6. The system according to claim 5, characterized in that, The system is trained by minimizing a loss function, the expression of which is: In the formula, Represents the loss function. To lose weight, This represents the mean absolute error between the rendered image and the real image. This represents the structural similarity index loss term. Represents the high-frequency loss term. This represents the weighting coefficient of the high-frequency loss term; This represents the total number of pixels in the image. To render an image in pixels The color value at that location, For real images in pixels The color value at that location, Indicates the rendered image. Represents a real image. for The local mean, for The local mean; for The local variance, for Local variance; for and Local covariance; , These are all constants used to maintain computational stability. This represents the high-frequency weight map obtained by applying the Laplacian operator to a grayscale image. This represents the Euclidean norm.

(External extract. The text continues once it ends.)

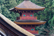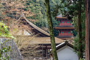 樹林を負うて三つの典雅な檜皮葺の屋根が重なり合い、三重塔がその向うに現れて長命寺の建築美が満喫できる。
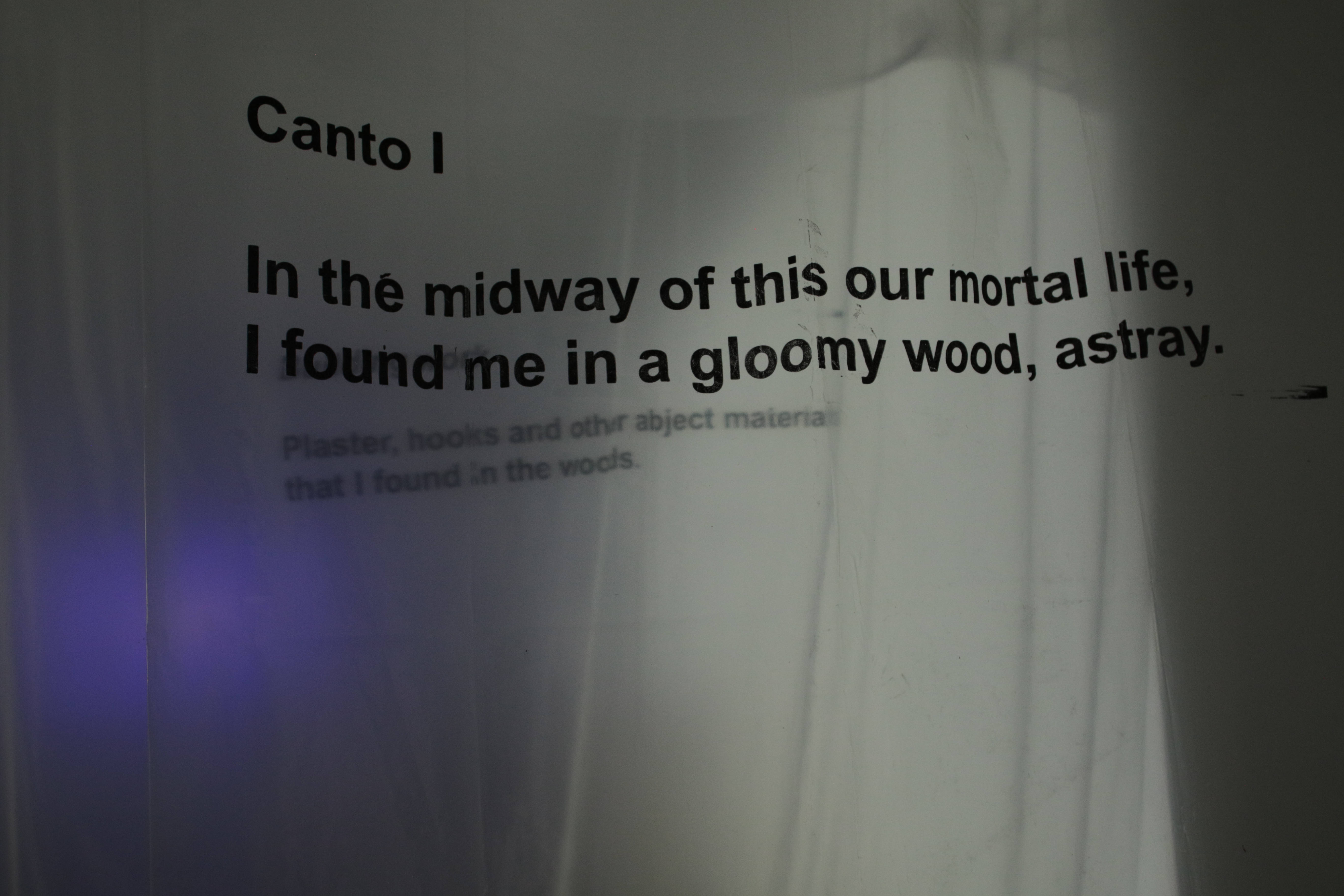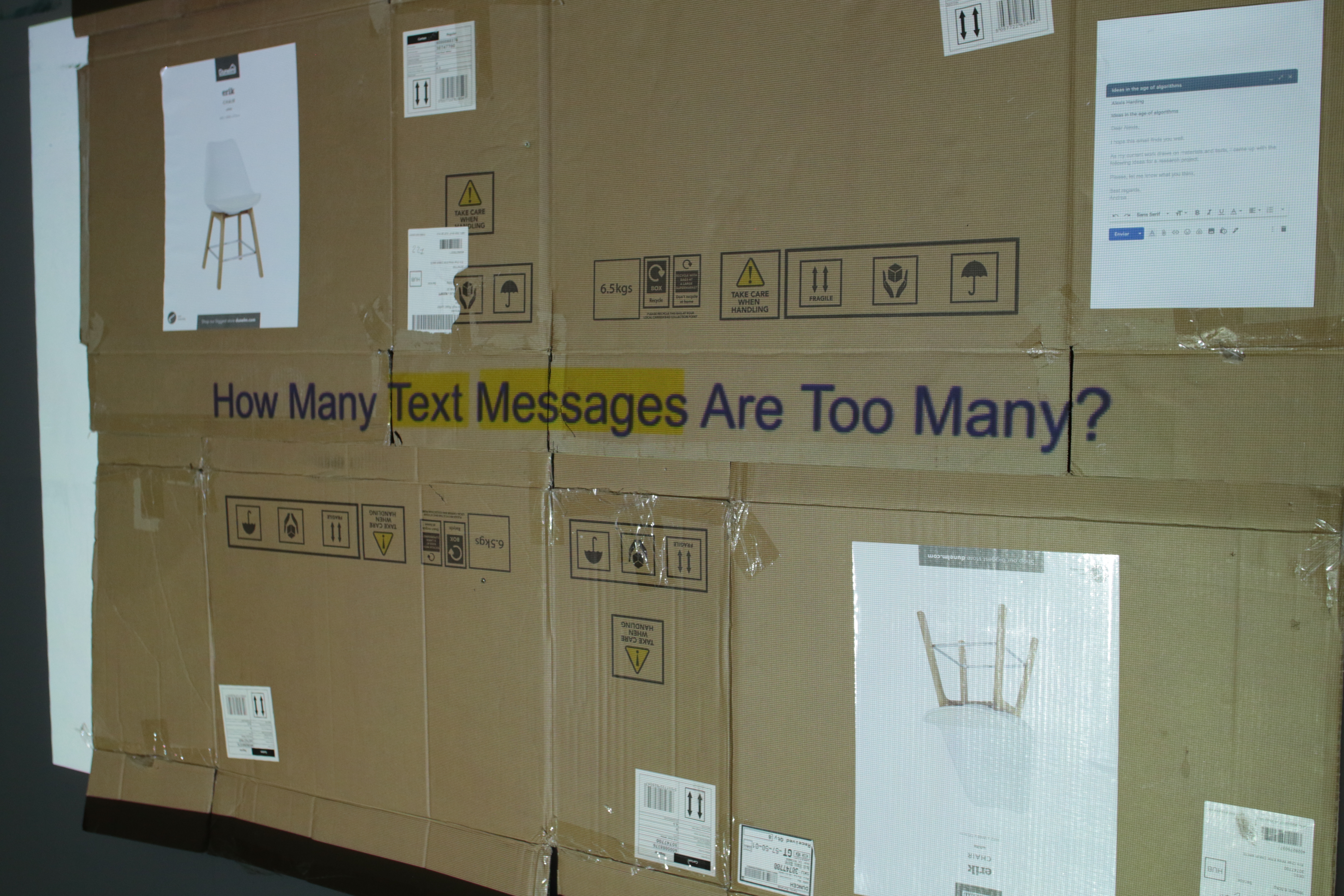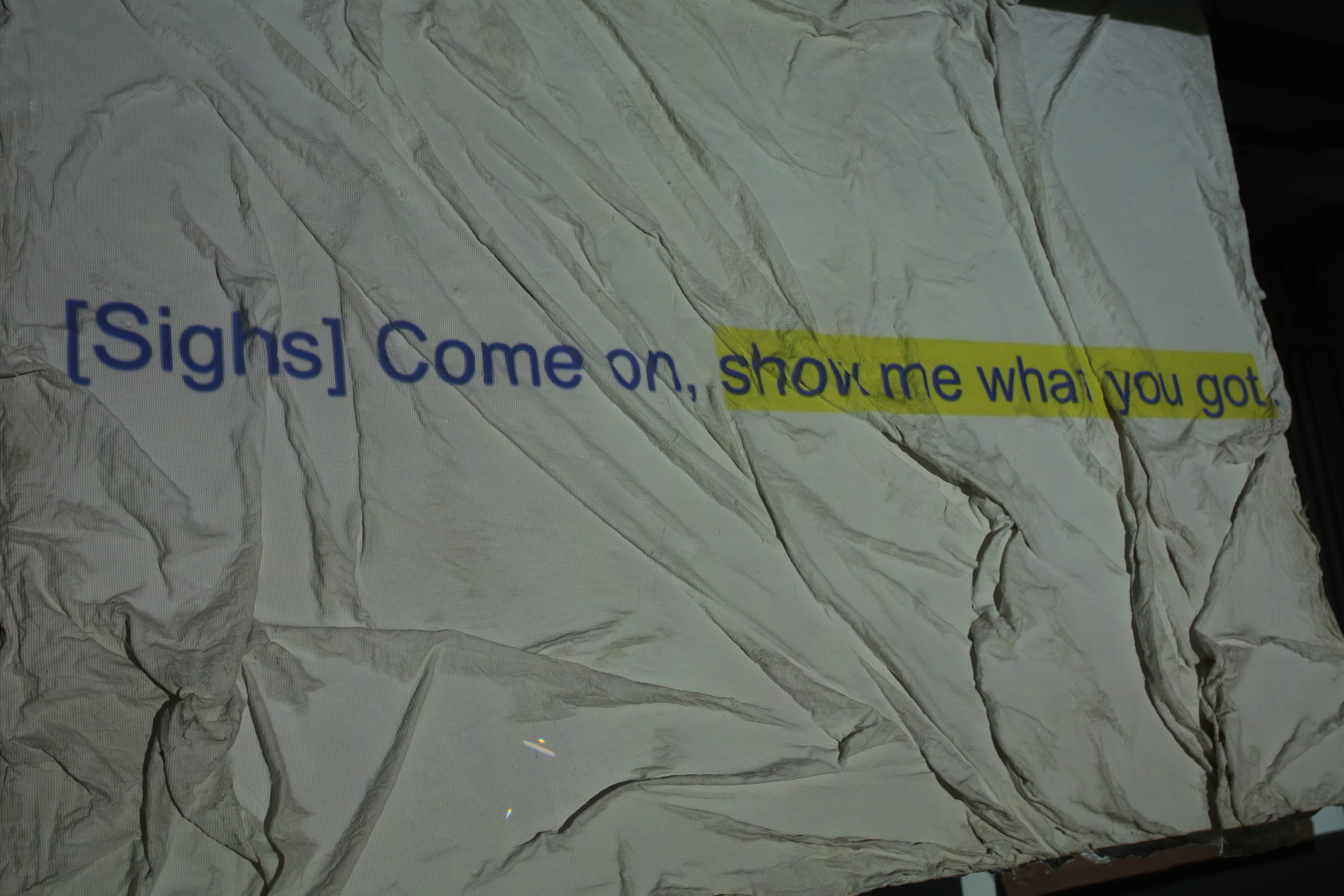 Video projections into different materials & silk screens printed onto cardboard, plaster and plastic bags.

7. A computer device, comprising a memory, a processor, and a computer program stored in the memory and executable on the processor, characterized in that, When the processor executes the program, it implements the steps of the method as described in any one of claims 1 to 4.

8. A computer-readable storage medium, characterized in that, The device stores a computer program that, when executed by a processor, causes the processor to perform the steps of the method as described in any one of claims 1 to 4.